Podcast Intro (00:00:51)

Welcome to the AI Advertising Podcast, brought to you by StackAdapt. I’m your host, Diego Pineda. Get ready to dive into AI, Ads, and Aha moments.

Diego Pineda (00:01:05)

Let’s kick things off with a closer look at how AI is reshaping the martech landscape, not by adding features, but by introducing a new kind of intelligence that behaves differently than anything marketers have worked with before. Let’s hear from Scott Brinker, who has spent years mapping how marketing technology evolves. He shares a powerful perspective on why generative AI requires a fundamentally different mindset.

Scott Brinker (00:01:31)

Here’s the thing. This technology introduces some very different dynamics into martech. I mean, one of the things about these LLMs and the generative AI engines is they’re not perfectly deterministic. You can ask the same question of the same generative AI engine 10 times and get 10 slightly different answers. Even if all of them are correct to some degree, they’re different—and they differ in subtle ways.

I think also this idea of having more and more of these agents that operate with a certain amount of autonomy and interact with each other… between those two things, you’re talking about introducing almost a new kind of complexity to the martech environment. And I mean complexity in a very scientific term. It’s these multiple independent parts that have interaction effects with each other. And that’s not necessarily a bad thing. In fact, if we actually harness it properly, it can be a really powerful thing.

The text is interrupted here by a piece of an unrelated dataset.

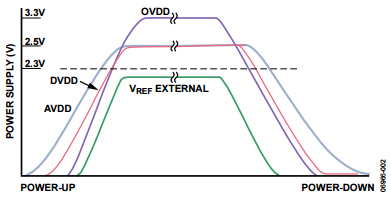 该ADC的问题与基准电压有关,它必须小于AVDD + 0.3 V。因此,AVDD必须先于基准电压或与之同时上电。

But it is a very different way of having systems operate than what we’re used to. Everything used to be rule-based, very deterministic—if you put X in, you got Y out. Now, you put X in, and you might get Y, or Y-prime, or Y double-prime. And I think that’s going to require us to rethink not just the architecture of martech stacks, but even more importantly, it requires us to think how we manage these martech stacks, and how we adapt our digital operations and customer engagement strategies given these new capabilities. So there’s a lot to learn.

Diego Pineda (00:03:09)

This shift challenges some of our long-held assumptions. Instead of building systems that respond the same way every time, marketers are now working with platforms that learn, evolve, and sometimes surprise us. That creates more complexity, but also more potential. It’s a new kind of martech stack—one that’s adaptive, flexible, and built to operate in environments that don’t always follow predictable patterns.

Diego Pineda (00:03:40)

At StackAdapt, Winston Zhu is leading the engineering teams building Gen AI directly into the platform, from campaign setup to creative execution.

Winston Zhu (00:03:49)

The most direct impact is really the assets because GenAI people use it to generate assets. Assets means videos, audios, images, text, all of these are assets. So if we can use this to generate assets personally, then StackAdap can also empower GenAI to have advertisers to generate their assets and be used directly. So now we empower users to generate their videos, do background replacement, do image croppings, like offcropping and also multi-sizing as well. So basically, users can upload any type of images to StackAdapt and then StackAdapt will customize their images and all type of assets based on their brand profile, based on the prompt they enter. So like we’ll give them a more modernized, you know, creative for their product or for their brands.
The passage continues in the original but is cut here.